In 1047 his remains were transferred to St. Paulinus' Church, Trier, where his grave was in a small crypt under the altar of St. Clement in front of the choir. In 1107 some of the relics were taken, along with those of Saint Modoald, by Abbot Thietmar for Helmarshausen Abbey in North Hesse. Others came in 1136 to Springiersbach Abbey. At this time other bones may have been translated to the Aprunculus Chapel in the immediate vicinity of Trier Cathedral. The remaining bones in St. Paulinus' were brought into the city in 1674 before the destruction of the church. An inscribed lead plaque was removed from the coffin and placed in the reliquary.
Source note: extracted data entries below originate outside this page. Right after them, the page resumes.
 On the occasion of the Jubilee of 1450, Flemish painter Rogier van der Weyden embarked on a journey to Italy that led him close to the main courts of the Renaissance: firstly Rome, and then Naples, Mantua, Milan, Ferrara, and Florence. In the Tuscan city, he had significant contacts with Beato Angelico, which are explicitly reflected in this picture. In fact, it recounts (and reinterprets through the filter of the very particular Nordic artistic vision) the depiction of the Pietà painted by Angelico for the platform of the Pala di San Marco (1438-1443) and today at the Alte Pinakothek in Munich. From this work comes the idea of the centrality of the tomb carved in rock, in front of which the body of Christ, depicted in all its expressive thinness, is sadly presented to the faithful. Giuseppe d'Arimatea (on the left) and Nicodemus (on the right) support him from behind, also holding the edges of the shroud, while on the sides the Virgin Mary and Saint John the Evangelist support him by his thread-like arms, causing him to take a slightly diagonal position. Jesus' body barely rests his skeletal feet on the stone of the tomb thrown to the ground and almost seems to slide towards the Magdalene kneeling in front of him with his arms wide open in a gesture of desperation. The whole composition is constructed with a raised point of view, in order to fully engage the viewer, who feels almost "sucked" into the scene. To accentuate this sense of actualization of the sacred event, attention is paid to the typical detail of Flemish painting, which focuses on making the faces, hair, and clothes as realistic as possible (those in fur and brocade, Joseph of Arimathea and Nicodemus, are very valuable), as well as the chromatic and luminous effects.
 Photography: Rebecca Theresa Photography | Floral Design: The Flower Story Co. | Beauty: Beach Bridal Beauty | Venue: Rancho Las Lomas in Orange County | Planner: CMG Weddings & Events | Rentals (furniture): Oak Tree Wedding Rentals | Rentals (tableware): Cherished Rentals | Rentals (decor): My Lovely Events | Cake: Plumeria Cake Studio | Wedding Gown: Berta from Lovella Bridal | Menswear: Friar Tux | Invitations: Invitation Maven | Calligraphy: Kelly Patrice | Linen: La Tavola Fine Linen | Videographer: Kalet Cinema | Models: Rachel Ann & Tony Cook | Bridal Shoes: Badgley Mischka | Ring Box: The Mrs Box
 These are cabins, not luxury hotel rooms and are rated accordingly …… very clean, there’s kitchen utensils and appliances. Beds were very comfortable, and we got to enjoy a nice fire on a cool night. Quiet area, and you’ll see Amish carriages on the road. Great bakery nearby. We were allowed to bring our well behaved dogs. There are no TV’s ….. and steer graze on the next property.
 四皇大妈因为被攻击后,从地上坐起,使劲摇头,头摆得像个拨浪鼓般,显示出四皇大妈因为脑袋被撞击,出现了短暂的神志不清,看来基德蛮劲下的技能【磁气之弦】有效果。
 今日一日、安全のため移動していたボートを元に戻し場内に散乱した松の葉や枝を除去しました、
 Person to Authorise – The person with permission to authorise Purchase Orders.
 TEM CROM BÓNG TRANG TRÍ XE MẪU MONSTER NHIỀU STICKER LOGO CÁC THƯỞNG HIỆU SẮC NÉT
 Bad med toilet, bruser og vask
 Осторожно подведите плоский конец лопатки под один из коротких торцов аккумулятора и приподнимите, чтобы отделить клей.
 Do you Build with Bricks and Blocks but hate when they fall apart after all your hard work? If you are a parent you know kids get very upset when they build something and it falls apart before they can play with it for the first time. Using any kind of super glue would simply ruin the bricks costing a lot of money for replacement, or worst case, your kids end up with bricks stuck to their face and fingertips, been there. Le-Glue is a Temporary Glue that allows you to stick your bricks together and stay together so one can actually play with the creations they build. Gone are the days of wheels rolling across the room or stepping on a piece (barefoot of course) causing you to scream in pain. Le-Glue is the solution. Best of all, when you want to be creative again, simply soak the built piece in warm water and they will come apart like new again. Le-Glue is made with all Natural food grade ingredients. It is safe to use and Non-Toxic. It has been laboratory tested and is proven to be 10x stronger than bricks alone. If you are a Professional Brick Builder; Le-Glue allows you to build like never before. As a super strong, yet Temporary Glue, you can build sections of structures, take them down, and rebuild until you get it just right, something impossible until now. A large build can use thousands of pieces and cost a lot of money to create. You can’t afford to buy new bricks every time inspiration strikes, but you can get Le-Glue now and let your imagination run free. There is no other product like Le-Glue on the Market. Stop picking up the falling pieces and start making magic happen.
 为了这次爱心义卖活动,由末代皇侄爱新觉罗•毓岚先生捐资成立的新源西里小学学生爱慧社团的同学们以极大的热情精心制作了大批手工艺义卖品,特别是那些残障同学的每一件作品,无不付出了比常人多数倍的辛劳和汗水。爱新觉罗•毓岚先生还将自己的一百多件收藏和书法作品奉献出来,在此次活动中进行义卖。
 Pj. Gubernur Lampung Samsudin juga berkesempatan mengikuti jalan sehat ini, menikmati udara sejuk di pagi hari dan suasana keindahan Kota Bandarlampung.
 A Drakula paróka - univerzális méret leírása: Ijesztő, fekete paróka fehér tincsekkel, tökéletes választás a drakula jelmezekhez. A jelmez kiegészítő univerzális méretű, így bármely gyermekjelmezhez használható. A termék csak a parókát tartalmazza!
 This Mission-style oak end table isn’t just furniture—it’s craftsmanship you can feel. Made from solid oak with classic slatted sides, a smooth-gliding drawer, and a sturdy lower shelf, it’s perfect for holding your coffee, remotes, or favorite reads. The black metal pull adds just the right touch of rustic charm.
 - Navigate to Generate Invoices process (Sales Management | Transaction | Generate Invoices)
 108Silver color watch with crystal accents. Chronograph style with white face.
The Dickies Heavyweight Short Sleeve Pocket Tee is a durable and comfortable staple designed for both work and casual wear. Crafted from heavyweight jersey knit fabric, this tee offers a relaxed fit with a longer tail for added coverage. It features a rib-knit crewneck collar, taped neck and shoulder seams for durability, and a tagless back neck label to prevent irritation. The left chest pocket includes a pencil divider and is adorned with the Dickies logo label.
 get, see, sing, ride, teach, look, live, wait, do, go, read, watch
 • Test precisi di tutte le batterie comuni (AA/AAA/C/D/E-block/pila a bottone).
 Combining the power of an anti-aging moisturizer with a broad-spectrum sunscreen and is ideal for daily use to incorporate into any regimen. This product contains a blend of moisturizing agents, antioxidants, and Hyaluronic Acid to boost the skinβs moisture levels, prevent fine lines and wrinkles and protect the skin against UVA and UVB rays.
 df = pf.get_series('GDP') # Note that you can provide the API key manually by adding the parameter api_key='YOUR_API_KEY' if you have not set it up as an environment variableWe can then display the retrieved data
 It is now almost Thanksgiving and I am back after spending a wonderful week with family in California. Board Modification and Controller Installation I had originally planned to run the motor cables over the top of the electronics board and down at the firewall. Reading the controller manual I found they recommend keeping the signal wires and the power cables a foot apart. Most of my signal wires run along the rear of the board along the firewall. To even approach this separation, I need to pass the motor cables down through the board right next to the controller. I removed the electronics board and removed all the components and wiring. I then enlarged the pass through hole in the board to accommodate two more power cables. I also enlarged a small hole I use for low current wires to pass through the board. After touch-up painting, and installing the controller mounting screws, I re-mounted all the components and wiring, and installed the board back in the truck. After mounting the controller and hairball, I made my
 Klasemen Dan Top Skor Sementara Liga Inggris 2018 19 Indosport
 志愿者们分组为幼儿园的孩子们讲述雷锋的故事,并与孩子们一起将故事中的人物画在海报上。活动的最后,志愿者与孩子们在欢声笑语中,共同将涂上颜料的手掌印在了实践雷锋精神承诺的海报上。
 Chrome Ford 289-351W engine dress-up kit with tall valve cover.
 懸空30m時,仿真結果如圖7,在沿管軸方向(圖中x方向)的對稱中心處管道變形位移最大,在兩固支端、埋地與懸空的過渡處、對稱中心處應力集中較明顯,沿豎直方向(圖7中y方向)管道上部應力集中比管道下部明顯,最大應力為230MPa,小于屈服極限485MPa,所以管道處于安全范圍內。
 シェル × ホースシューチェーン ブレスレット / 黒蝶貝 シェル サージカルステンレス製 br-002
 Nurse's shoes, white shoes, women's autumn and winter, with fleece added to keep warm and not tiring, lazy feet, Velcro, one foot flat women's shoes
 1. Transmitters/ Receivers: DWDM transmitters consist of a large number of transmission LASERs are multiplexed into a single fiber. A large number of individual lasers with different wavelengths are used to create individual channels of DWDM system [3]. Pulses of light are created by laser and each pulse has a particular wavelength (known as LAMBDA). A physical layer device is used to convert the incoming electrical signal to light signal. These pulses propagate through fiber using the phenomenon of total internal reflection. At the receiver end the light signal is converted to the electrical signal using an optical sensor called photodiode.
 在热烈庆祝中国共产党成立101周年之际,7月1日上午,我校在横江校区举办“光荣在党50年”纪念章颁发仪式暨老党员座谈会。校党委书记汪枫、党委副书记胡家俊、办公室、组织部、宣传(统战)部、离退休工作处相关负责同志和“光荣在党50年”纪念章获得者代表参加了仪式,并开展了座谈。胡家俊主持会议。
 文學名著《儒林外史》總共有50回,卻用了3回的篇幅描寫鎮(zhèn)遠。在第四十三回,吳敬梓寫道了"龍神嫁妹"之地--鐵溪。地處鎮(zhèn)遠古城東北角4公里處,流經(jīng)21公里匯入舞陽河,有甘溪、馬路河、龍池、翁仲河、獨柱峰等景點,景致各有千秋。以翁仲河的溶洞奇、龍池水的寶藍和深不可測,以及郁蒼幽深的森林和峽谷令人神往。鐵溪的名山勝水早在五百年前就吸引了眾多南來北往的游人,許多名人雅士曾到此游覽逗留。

Aprunculus is the patron saint of Bruchsal in Baden-Württemberg. In the area round Trier, he is patron of churches in Beßlich in Newel and Itzig (in Luxembourg).

His feast day is 22 April, which is likely the date of burial rather than his date of death.

==Literature==
- Franz-Josef Heyen, 1972: Das Stift St. Paulin vor Trier (Germania Sacra NF 6, 1; v.a. 291–294). Berlin, New York
- Hans Hubert Anton, 1987: Trier im frühen Mittelalter, pp. 86–88. Paderborn, München u.a.